**EXERCISE INPUT:**
━━━━

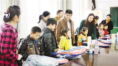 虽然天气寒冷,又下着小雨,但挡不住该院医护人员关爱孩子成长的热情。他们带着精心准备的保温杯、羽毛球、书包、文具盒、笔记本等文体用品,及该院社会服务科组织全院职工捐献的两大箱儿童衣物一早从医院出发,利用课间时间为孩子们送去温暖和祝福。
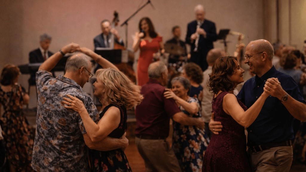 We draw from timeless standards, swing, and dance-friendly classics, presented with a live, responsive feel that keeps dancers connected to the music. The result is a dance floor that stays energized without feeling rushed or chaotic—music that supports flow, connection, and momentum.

━━━━

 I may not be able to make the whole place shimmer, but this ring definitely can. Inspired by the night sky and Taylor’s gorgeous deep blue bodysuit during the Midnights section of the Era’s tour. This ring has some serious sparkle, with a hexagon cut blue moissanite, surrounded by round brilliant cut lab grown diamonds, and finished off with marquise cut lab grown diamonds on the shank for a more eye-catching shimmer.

━━━━

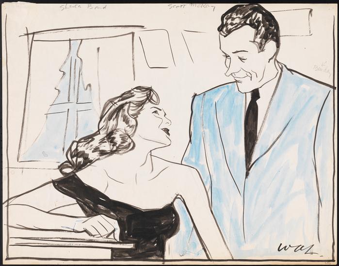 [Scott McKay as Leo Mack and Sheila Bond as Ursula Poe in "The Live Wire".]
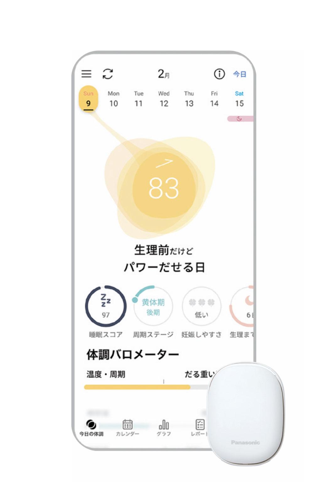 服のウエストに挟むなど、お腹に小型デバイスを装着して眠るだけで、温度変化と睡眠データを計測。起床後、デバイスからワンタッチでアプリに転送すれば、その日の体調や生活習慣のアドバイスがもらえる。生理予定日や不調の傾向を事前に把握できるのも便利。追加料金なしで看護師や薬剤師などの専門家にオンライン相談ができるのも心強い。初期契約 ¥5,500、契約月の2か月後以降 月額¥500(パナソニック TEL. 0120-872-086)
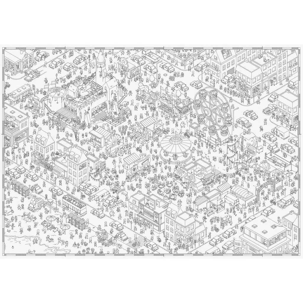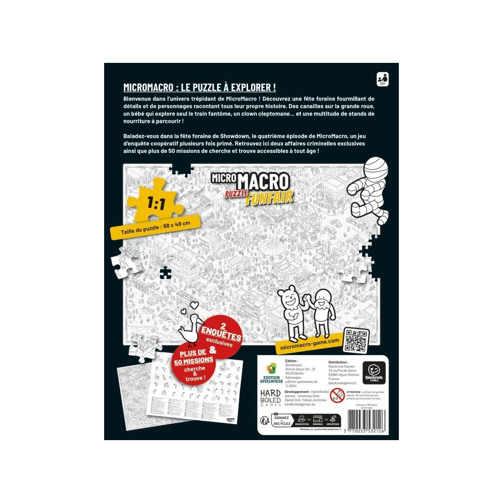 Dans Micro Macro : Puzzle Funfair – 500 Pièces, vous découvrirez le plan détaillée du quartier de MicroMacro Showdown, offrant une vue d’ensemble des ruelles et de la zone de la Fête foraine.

━━━━

**WORK INSTRUCTIONS:**
Above are the records; copy exactly the lines from the one with "虽然天气寒冷,又下着小雨,但" through the one with "We draw from", including both, and nothing more. Leave out pictures.

**FINAL ANSWER:**
 虽然天气寒冷,又下着小雨,但挡不住该院医护人员关爱孩子成长的热情。他们带着精心准备的保温杯、羽毛球、书包、文具盒、笔记本等文体用品,及该院社会服务科组织全院职工捐献的两大箱儿童衣物一早从医院出发,利用课间时间为孩子们送去温暖和祝福。
 We draw from timeless standards, swing, and dance-friendly classics, presented with a live, responsive feel that keeps dancers connected to the music. The result is a dance floor that stays energized without feeling rushed or chaotic—music that supports flow, connection, and momentum.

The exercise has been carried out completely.